I suppose there may be those who do not believe in any kind of God and find non-theist a less harsh label to apply to themselves than atheist. But I suspect that many who call themselves non-theists believe in God, just not the kind of God they were taught to believe in growing up.
This even applies to many who call themselves atheists. They believe in a “higher” power or source of life, but they don’t want to call it God because that name connotes images of a jealous and vengeful male personage “out there” somewhere who is all about rewards and punishments. I don’t believe in that kind of God, either, but I am not an atheist or a non-theist. I do believe in God, but the word God is a label for the transcendent unknowable force – the source of life that brings forth the physical universe and continuously sustains it. I think of this as more of a Presence or Spirit than a person. In fact the Judaic-Christian Scriptures say God is Spirit and is to be worshipped in Spirit and in Truth.
My old Merriam-Webster’s Collegiate Dictionary, Tenth Edition, 1998, defines theism as: “belief in the existence of one God viewed as a creative source of man and the world who transcends yet is immanent in the world.” One could say this posits a God who is a person (or being). Yet even those who believe this would realize that for God to be greater than its creation and to be omnipresent within its creation, it would have to be more of a pervasive presence or spirit than a being. However, this is where the concept of God “the son” comes in, as God manifested in a human form like ours.
God is both transcendent and immanent – beyond its creation and also completely within and throughout it. There is nowhere God is not.
I recently saw a brochure for a church named Extended Grace, in Grand Haven, Michigan. Inside it describes the “3-2-1 of God” as follows:
“We celebrate God in the third person, second person and first person.
· The third person of God is that which transcends anything we can grasp or imagine. God as Creator, Trinity, Ruach, Mystery.
· The second person of God is relational and personal. Our Mother/Father God, Personal Savior, Beloved Bridegroom, the God who meets us when we are in the depths of despair.
· The first person of God is the face of our own True Self. We know we are only fully who we are meant to be when we are finally fully infused with Spirit, the Kingdom Within, Christ Consciousness, home of God’s indwelling Spirit.”

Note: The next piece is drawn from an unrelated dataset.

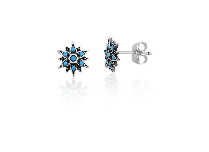 Brinco Estrela 14 Zirconias Azul Turquesa

While my choice of words might be somewhat different, I think this does a wonderful job of depicting the levels or aspects of God. People who need to think of God in just one way, particularly as a person “out there,” often have problems relating to God in a personal way because this is a Power that must be pleased and a relationship that must be somehow evoked. The reality is more seamless and natural than that. I believe God is never separate from us, except in our consciousness, but this is difficult to realize.

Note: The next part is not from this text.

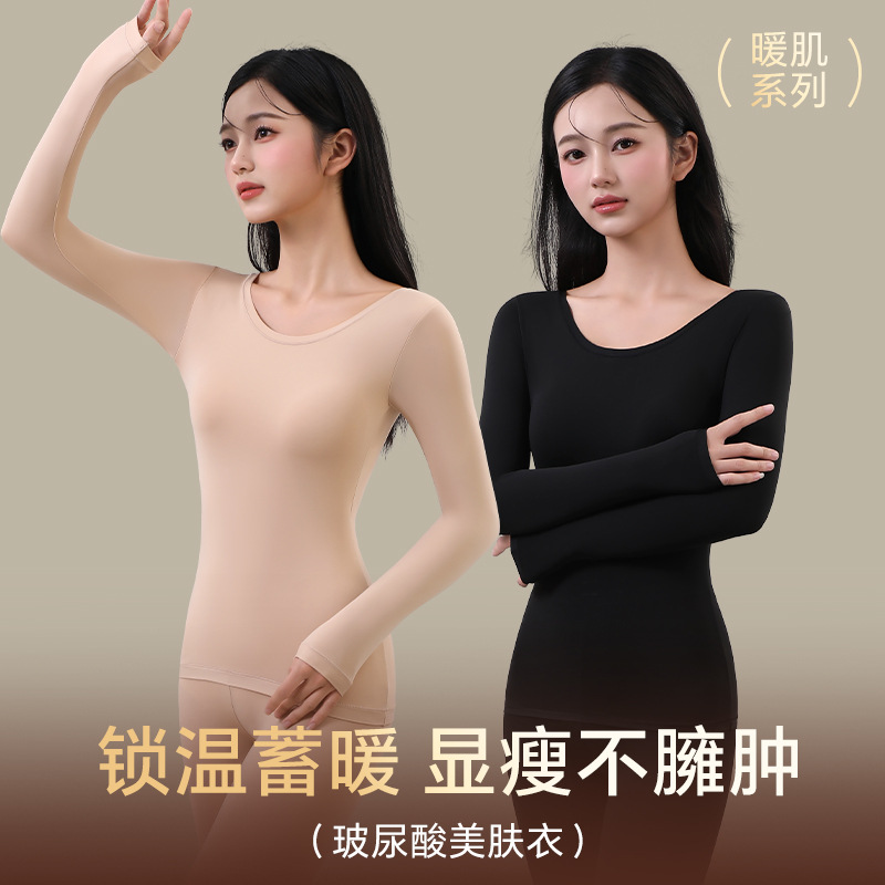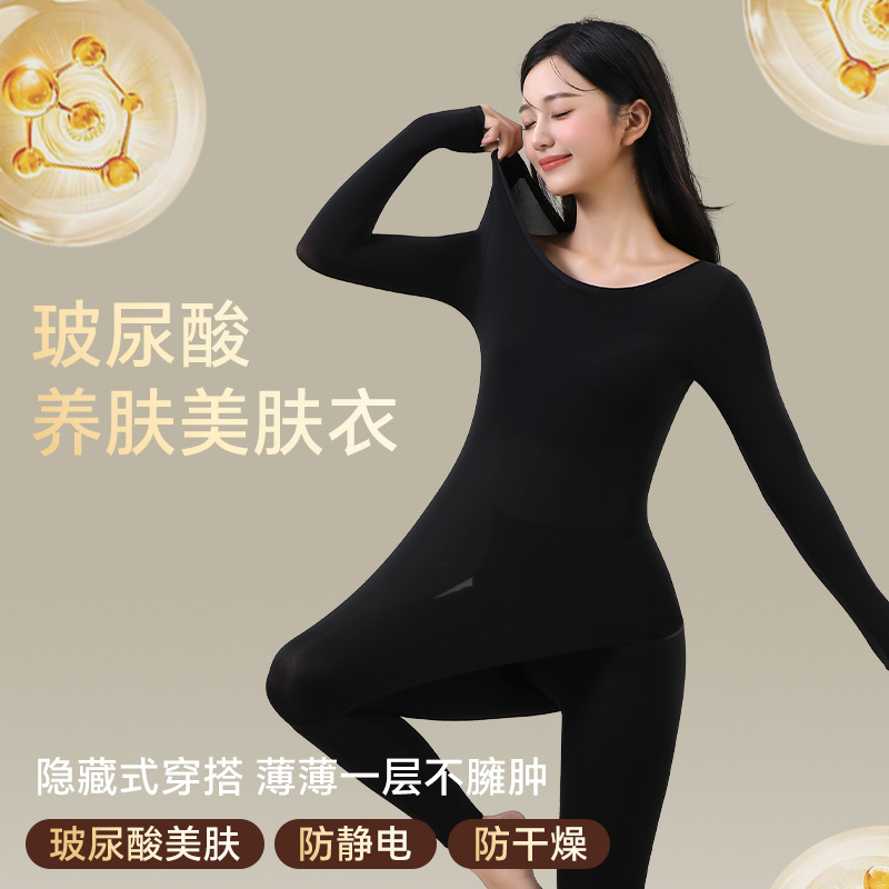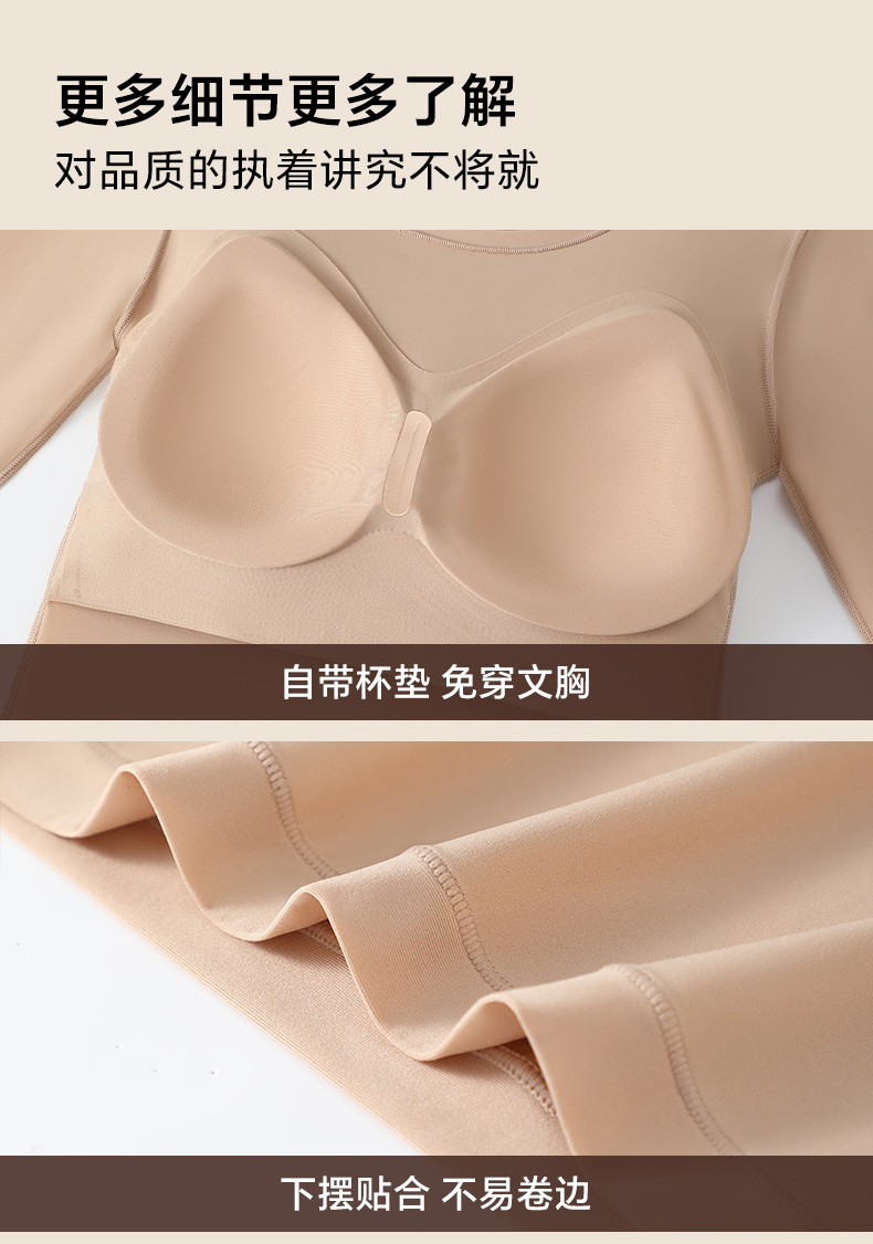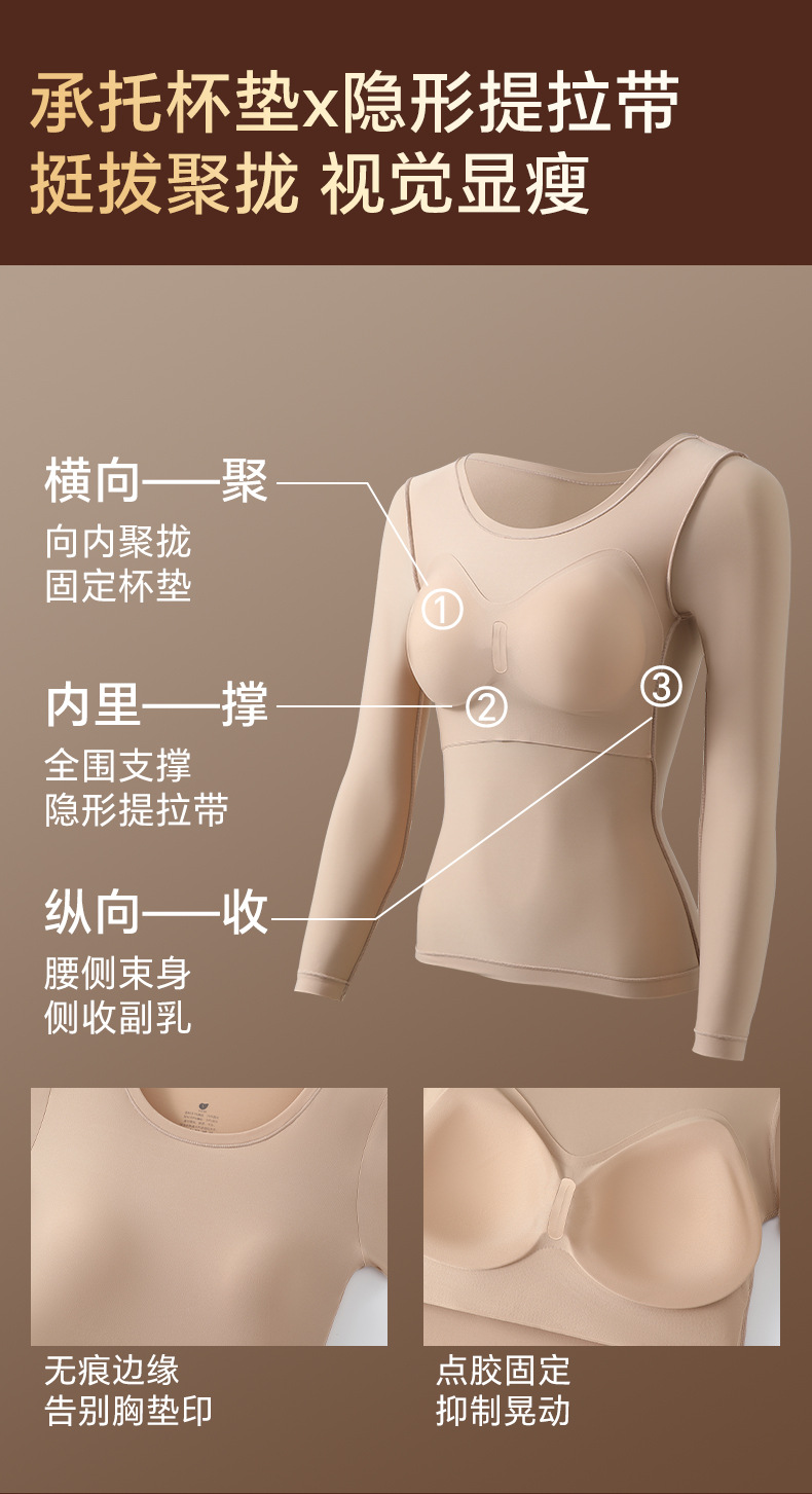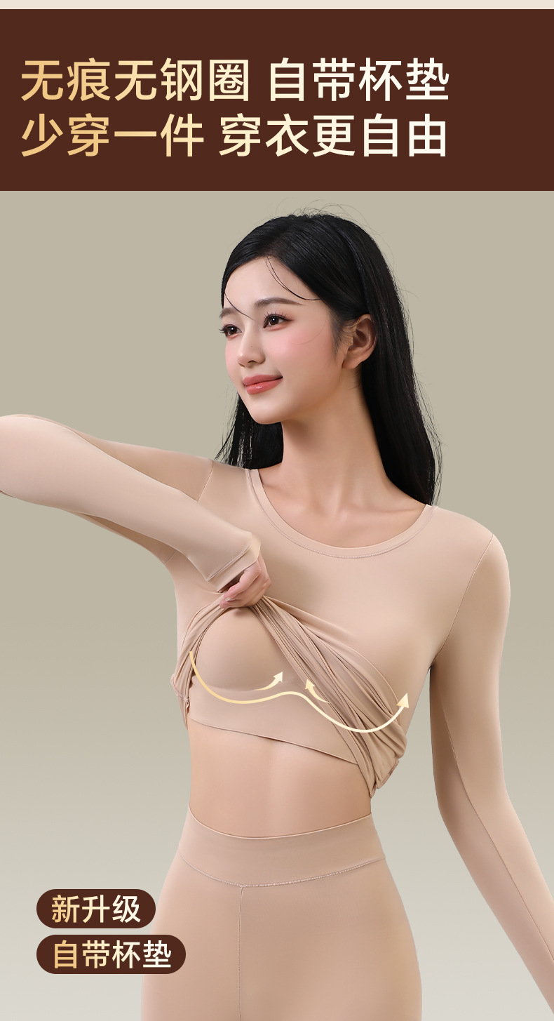 带胸垫秋冬美肤衣女无痕固定杯保暖内衣套装修身肌底衣裤防静电

It’s been said that the only “body” God has is ours. We are his body, his hands and feet. To the extent that we realize and employ the power of God which is everywhere around us and within us – that created and sustains us – we manifest our true nature as children of God.
So, while Quakers are usually theists and Christian, one does not have to subscribe to an old orthodox belief system in order to be either. To call oneself “non-theist” I believe is usually just a way of distinguishing oneself from those who’s concept of God is too narrow (that is, the old man – the patriarch—in the sky, and therefore a patriarchal view of God and our relationship to God).
I certainly hope that most of us have transcended that outmoded notion (of the patriarch) and traded it for one that is unlimited in scope and an unconditional source of power and love in our lives.